The Wandering Widow ❤️
If you want to head to Tamanawas Falls, take exit 64 towards Mount Hood, and follow Highway 35 about 31 miles until you get to milepost 74 and park at the Polallie Trailhead. You’ll need to pick up a trail pass in town since you can’t purchase them onsite. We took a chance that they wouldn’t enforce the permit rule over the holiday weekend, and as we were pulling out of our parking spot the park ranger showed up. Oops.
Take your life in your hands and sprint across the highway to the trailhead to get to the falls. It’s a pretty steep ascent for those of us out of practice, at least for the first mile. There are a few slick spots along the way, so don’t be a dork and wear flip flops. A few years ago there was a massive rock slide, so now to reach the falls you have to rock scramble over a ginormous pile of Toyota sized (okay, maybe not quite that big) granite boulders. FYI, on a hot day, they are freaking HOT! This was the most nerve-wracking section for me, and coming back down was worse than going up since I could see all the ways I could die if I fell. I was grateful for the little girl crying that she couldn’t get down since she made me feel better about myself and my non-graceful crab walk back down the boulders. TIP: Stay low to get around the boulders. There is more loose gravel but an easier/faster path.
Once you’re over the boulders, the trail bends, and you are rewarded with your first view of the waterall. The base of the falls is rocky and moss covered, although there are logs and some dry rocks to sit on. If you’re brave enough to cross the painfully cold water, there is a lovely spot of ground where you can take a break. The dry cave behind the falls is relatively large, but you need to scramble up a narrow wet rock ledge to get there, and it is slippery. I opted out of this part, but everyone who did it said it was worth it to enjoy the view through the falls. TIP: If you’re not from Oregon, or are hiking with kids, be advised recreational pot use is legal and your hike will have a certain stink to it.
Overall a beautiful hike and one I’d do again. And despite my whining, a fairly easy hike.
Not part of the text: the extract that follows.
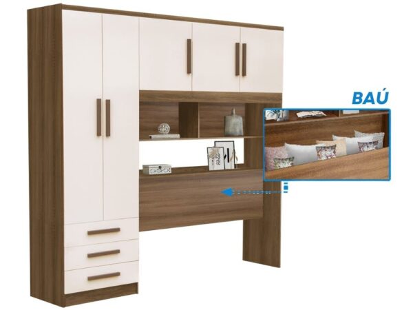 O Guarda Roupa Acoplado México + Floripa de Casal 7 Portas é ideal para otimizar o espaço do ambiente e deixar tudo organizado. Possui 3 nichos internos, 2 nichos externos, 1 baú na cabeceira, 7 portas articuladas, 5 gavetas externas com corrediças metálicas. Possui pintura UV com acabamento texturizado amadeirado, que oferece ao produto resistência e durabilidade.

With our big project crossed off the list, we were ready for a little fun. So the next day we set out on another easy adventure at Skamania Lodge, about 20 minutes across the river in Washington. I can’t recommend the Skamania Lodge Zipline Tour enough. This two+ hour tour includes seven zip lines (the longest being over 900 feet), three sky bridges, an auto rappel and a few short trail walks. The views were amazing. The harsh winter ice storms took down a bunch of trees, so the view of the river from the tree tops was better than usual. And don’t forget to look down. We saw red tail deer that were completely unfazed by the noisy zipline.
The guides are friendly, knowledgeable, and patient, even with a big baby like me. I’m still not sure how zip lining ended up on my bucket list since I have some issues with heights, but with my SIL and nephew cheering me on, I womaned up and checked it off the list. The first few zips were sorta terrifying, but after that it was fun. I was surprised to find I was disappointed when it was over.
TIP: Read the website regarding appropriate attire before going. My poor nephew and all the kids in our group were scarred for life by the woman who wore a skirt for this excursion. Geez Louise lady!
After last year’s Air BNB disappointment, we decided to hotel it. This year we stayed at the Westcliff Lodge for the first time. An older hotel just on the outskirts of town, the rooms are clean and spacious, and you can’t beat the view. If you decide to stay there, be sure to request a third-floor river view room with a balcony. The view is worth it! There are no elevators, so if accessibility is an issue stick to the second floor, where the views are still pretty good and the walkway goes straight to the parking lot. We wrapped up our weekend at the Lodge fire pit with s’mores, stories about Dan, and new happy memories. We’d definitely stay here again.